Pero algo bueno tenía que salir de la epidemia, como lo es la reducción de la publicidad electoral, y no estaría mal que los partidos políticos siguieran la propuesta del PAN (así sea electorera) de ceder el tiempo publicitario a las autoridades sanitarias, como en buena medida ha hecho ya el IFE. Con todo, el bombardeo mediático sobre la epidemia es más brutal que el correspondiente al electoral, lo que ya es decir, con la enorme diferencia de que la gente sí le pone atención, sea para entender el problema, aclarar dudas, recibir directrices sobre las medidas preventivas o seguir la evolución del fenómeno.
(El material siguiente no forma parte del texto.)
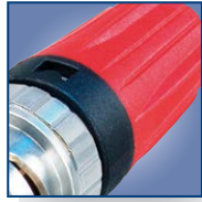
9 different colors available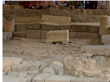
Table at Mandla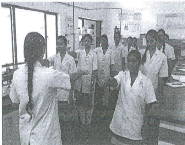
Vignan Institute of Pharmaceutical Technology Latitude:17.711765, Longitude:83.164114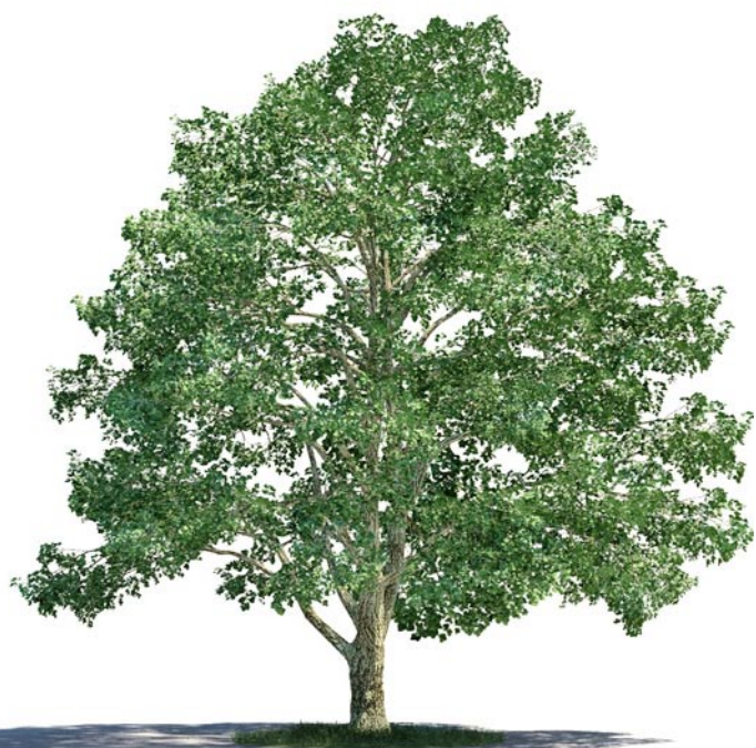
043 _ Tilia_02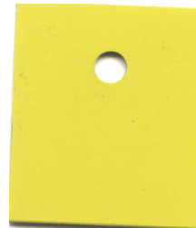
Reject/Reinforcable (Pole without enough structural strength to remain in service, but able to be reinforced) Yellow Tag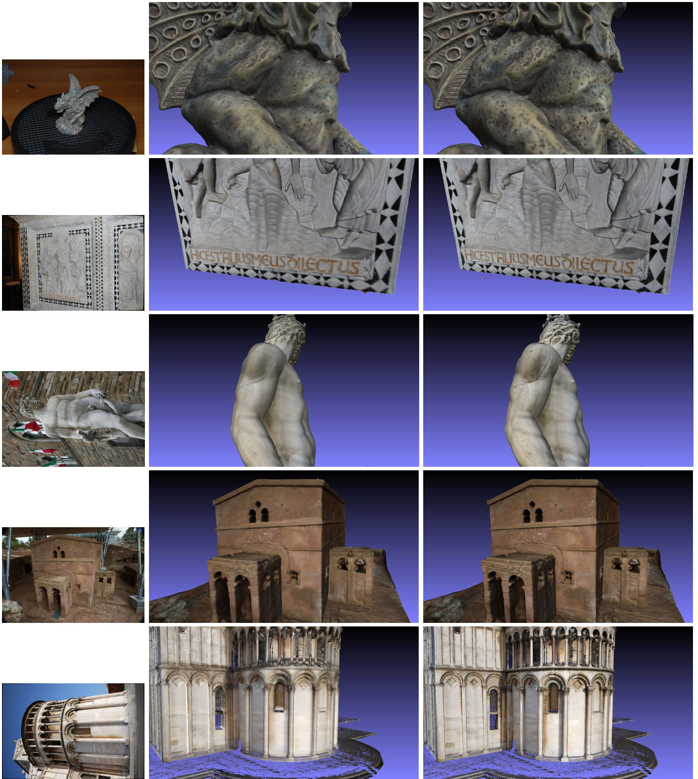
Fig. 6. The test cases. First column: a representative image of the ones used for color projection. Second column: color projection before refinement. Third column: color projection after refinement.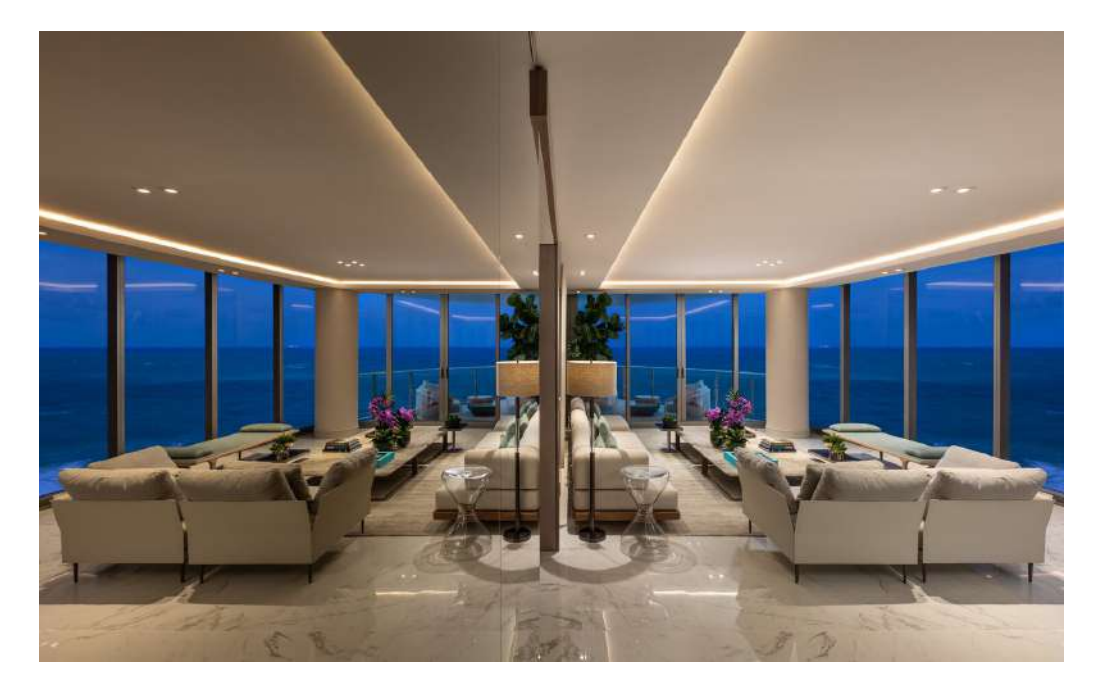
Living Area – East View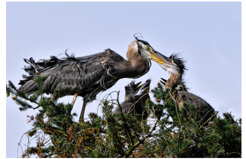
FEED ME-GREAT BLUE HERON BY BILL DEWEY SECOND PLACE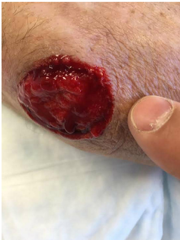
Figure 1 Photograph of the patient's left elbow. The open wound exposes the olecranon bursa region, but the bone was never exposed during the entire course of treatment.

been started by the surgeon. This treatment was continued for 2 weeks. No additional cultures were obtained. Because of continuing drainage and the lack of the expected robust erythematous granulation tissue, ertapenem (1 g once daily) was then added and this two antibiotic treatment was continued for an additional 2 weeks. However, the clinical response to this double antibiotic treatment continued to be poor. Because of this an infectious disease specialist (MRO) was consulted. The consultant stopped ertapenem and started piperacillin/tazobactam 4.5 g intravenously every 8 hours. This change was based on data showing that this penicillin-based antibiotic with a beta-lactamase inhibitor would provide coverage for P. acnes in addition to: (1) continuing broad-spectrum coverage primarily for the possibility that another pathogen (in addition to S. epidermidis ) was present but did not grow in subsequent cultures and (2) more aggressively treating the olecranon osteomyelitis. 4,5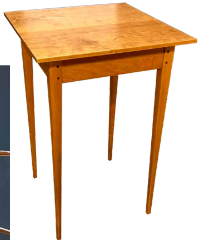
Dwight Blake – Table Cherry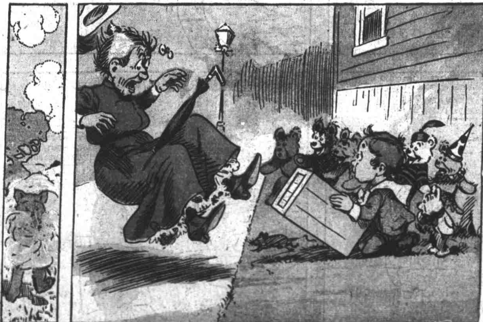
5. "Open the box, you bad, bad boy!" The Teds obey, nor hide their joy. The rat leaps out to get away And fills the lady with dismay.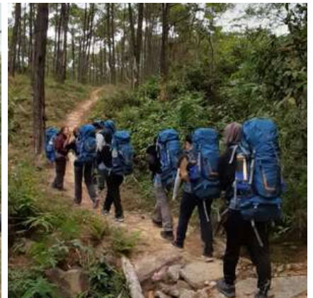
SUSS's students embarking on their hiking adventure at OBV Ha Long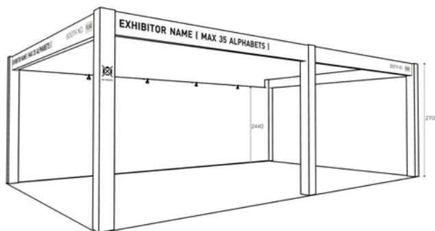
For IFFS / AFS Shell Scheme (Furniture Section)

* Additional column(s) will be added to support Fascia length of more than 6m & above).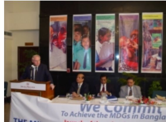
Launching the national report on the MDGs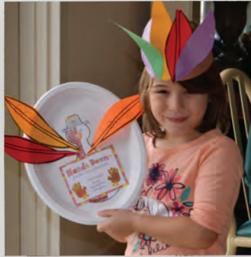
For some kids, the first time they get to celebrate holidays is at Shepherd's Gate.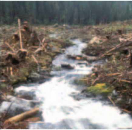
The clear-cutting of timber has impacts on every aspect of life in the Great Bear Rainforest.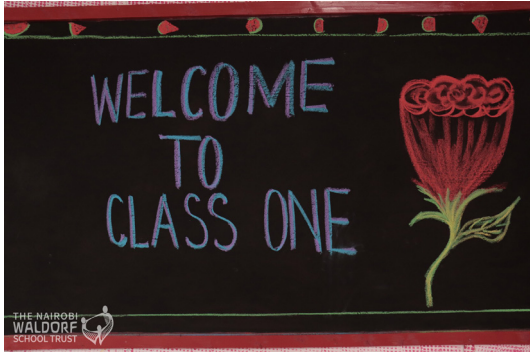
Previous Photos of The Rose Ceremony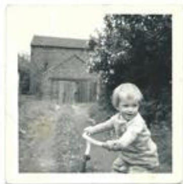
The author in her younger days!!!

As children in the village, we never really ventured out only to the farm at the top of the road or to Church or Eaton school which is now a house. We had enough gone on to occupy ourselves in our little piece of heaven. I had to most wonderful happy childhood we were very privileged to have lived in such a wonderful village and this certainly gave me the priorities in life I needed to go forward. Very happy memories.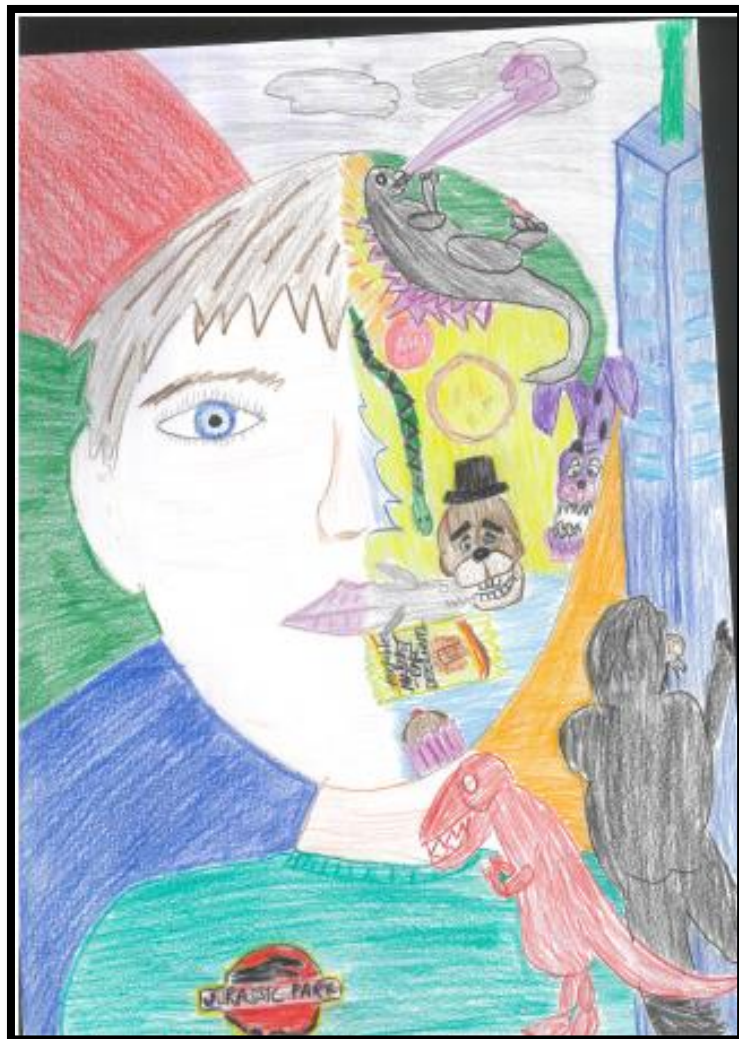
Artwork by Lachie

La campaña de divulgación ha sido exitosa, según encuestas recientes, pues la gran mayoría del público está enterado de la enfermedad (98%) y, pese a las hablillas de que se trata de un ardid político-electoral, la mayoría cree que es grave (85%). Es extraño, sin embargo, que sólo 56% considere que puede ser contagiado a ellos o sus familiares, pues eso significa que 29% aun cuando consideran grave la enfermedad, se sienten inmunes, lo mismo que sus familiares. En tal sentido, la publicidad gubernamental tendría que decir algo como: “El virus es grave no sólo porque, mal atendido, puede provocar la muerte, sino porque usted y su familia podrían ser contagiados”. Pero 88 % conoce las formas en que la enfermedad puede ser transmitida y un porcentaje semejante puede decir las maneras de prevención. Y la política de comunicación gubernamental es bien valorada por 84% (El Universal, telefónica, 1/V/09). Todo ello, afortunadamente, pese a las disparatadas teorías que circulan por medios informales —y la zona underground de la rumorología— sobre el origen y los aviesos propósitos de una epidemia deliberadamente provocada, desde por las farmacéuticas hasta por extraterrestres, tesis que han encontrado algunos oídos dispuestos a creer lo que sea. Mientras más fantasiosas, mejor (pues de otra forma no tendría chiste). Como sea, parece claro que, por primera vez —y esperemos que última— los mexicanos estamos de acuerdo en… que se acabe ya el puente.